Masih tak terlihat. Tapi aku tahu, ada kehidupan kecil yang tumbuh di sana. Sebuah kehidupan yang datang dari luka, tapi tak layak menanggung beban pengkhianatan.
Sudah tiga hari sejak aku tahu aku hamil.
Tiga hari sejak aku memutuskan… tidak akan memberitahu Raka.
Aku datang ke rumah sakit seorang diri.
Berjalan perlahan menyusuri lorong beraroma antiseptik, dengan buku catatan kehamilan yang baru saja diberikan perawat. Di dalamnya ada nama bayiku, yang masih kusebut Baby N, karena aku bahkan belum siap memilih nama.
“Usia kandungan Ibu sekitar lima minggu,” kata dokter sambil tersenyum. “Kondisinya bagus. Tapi Ibu harus hindari stres, ya. Sangat penting untuk menjaga emosi saat kehamilan awal.”
Aku hanya mengangguk pelan.
Andai semudah itu...
Bagaimana aku bisa tenang saat orang yang seharusnya menjagaku malah menusukku dari belakang?
Saat aku keluar dari rumah sakit, dunia terasa ramai. Tapi dalam kepalaku hanya ada satu suara: pergi atau bertahan?
Aku memikirkan rumah kontrakan kecil milik pamanku di Bandung. Tempat itu kosong, jauh dari keramaian, dan tak seorang pun akan tahu aku ada di sana.
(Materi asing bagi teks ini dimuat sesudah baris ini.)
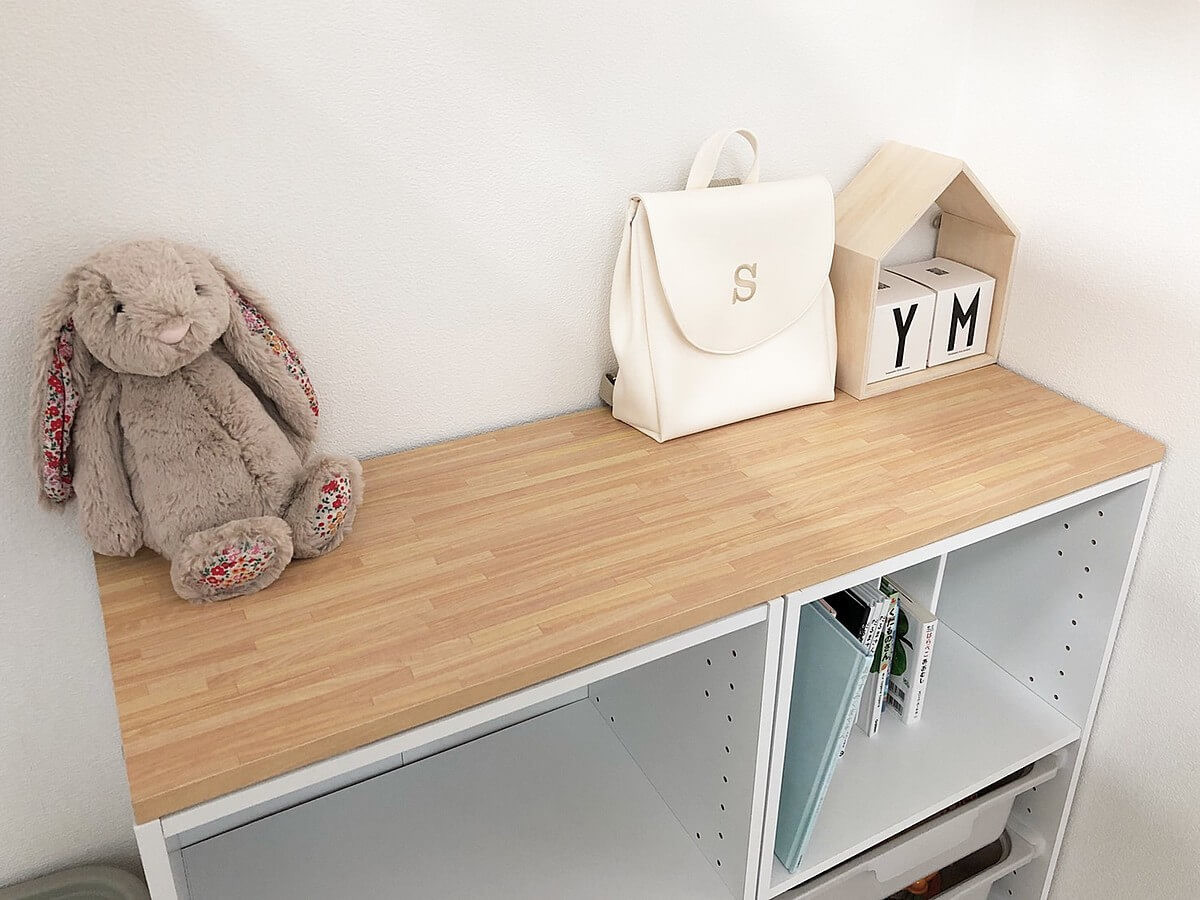 リビングに置いているので、少しでもインテリア性が出るように、2つのカラーボックスを覆うように天板を乗せてあります。

Kalau aku pergi… aku bisa memulai lagi. Menata hidup tanpa perlu melihat wajah Tania atau Raka.
Tapi bagaimana dengan pekerjaanku? Tabunganku? Masa depanku?
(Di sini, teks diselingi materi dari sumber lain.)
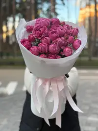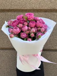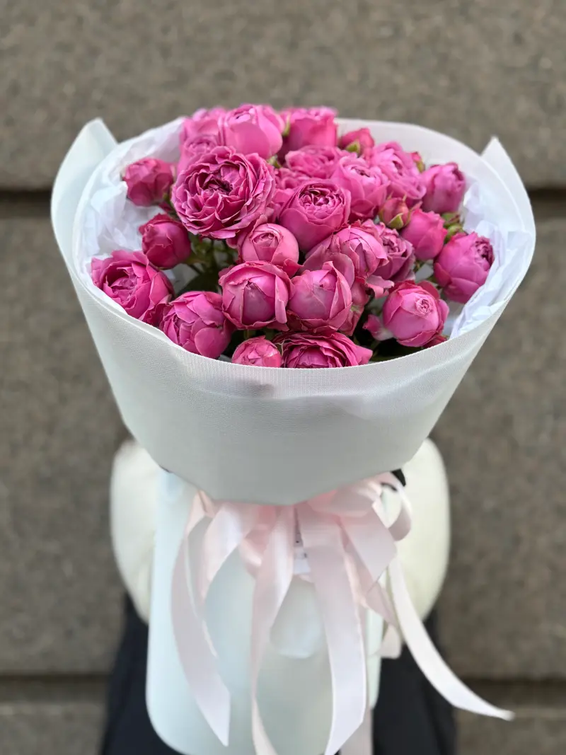 Ніжний та водночас виразний букет із 5 гілочок троянди сорту Misty Bubbles у витонченому білому пакуванні. Цей сорт відомий своїми дрібними квітками насиченого рожево-фіолетового кольору, що розкриваються у гарні суцвіття. Лаконічне біле оформлення підкреслює яскравість бутонів і надає букету вишуканості.

Aku bukan superwoman. Aku cuma perempuan yang hancur, mencoba berdiri lagi dengan perut yang akan membesar bulan depan.
Malamnya, aku duduk di meja makan. Ibu menatapku penuh perhatian.
“Kamu masih ingin merahasiakan kehamilan ini dari Raka?” tanyanya pelan.
Aku menatap piring nasi yang sudah dingin. “Aku nggak tahu apa yang Raka akan lakukan. Mungkin dia akan menganggap bayi ini sebagai beban.”
“Tapi dia ayahnya.”
“Dan dia juga laki-laki yang tidur dengan sahabatku, Ma.”
Hening menyelimuti ruangan. Aku bisa melihat mata ibuku memerah, tapi dia menahan air matanya.
“Lakukan apa pun yang membuatmu tenang, Nayla. Tapi ingat… kamu nggak sendiri. Ibu disini untukmu”
Besoknya, saat aku sedang memasukkan cucian ke mesin, bel rumah berbunyi. Aku buru-buru menghapus keringat dan membuka pintu.
Dan di sanalah dia.
Tania.
Dengan blouse putih dan senyum seolah tak terjadi apa-apa.
"Nay... aku bisa bicara sebentar?"
Aku berdiri mematung. Tanganku mengepal di balik pintu. Tapi tubuhku tak bergerak.
"Please… aku cuma mau menjelaskan."
"Udah cukup banyak yang terjadi, Tan. Aku nggak butuh penjelasan. Aku butuh kamu—hilang dari hidupku."
Dia menunduk, air matanya jatuh. “Aku… aku beneran nggak bermaksud nyakitin kamu. Semuanya salah. Aku... nggak bisa ngelawan perasaan aku ke Raka…”
Aku menghela napas panjang.
“Jadi kamu milih ngelawan logika, nginjak harga diriku, dan tidur sama suami sahabatmu?”
Tania menangis. Tapi aku tidak.
Air mataku sudah habis sejak malam itu.
Sebelum Tania sempat membalas, aku menutup pintu.
Kudengar dia mengetuk, lalu menangis pelan di luar rumah. Tapi aku tak peduli lagi.
Aku kembali ke kamar, merebahkan tubuhku di ranjang. Perutku masih datar, tapi terasa hangat saat kusentuh. Ada satu makhluk mungil di sana yang tak tahu apa-apa… tapi membuatku kuat.
"Kita hanya punya satu sama lain sekarang, Nak… dan Mama janji, kita akan bertahan."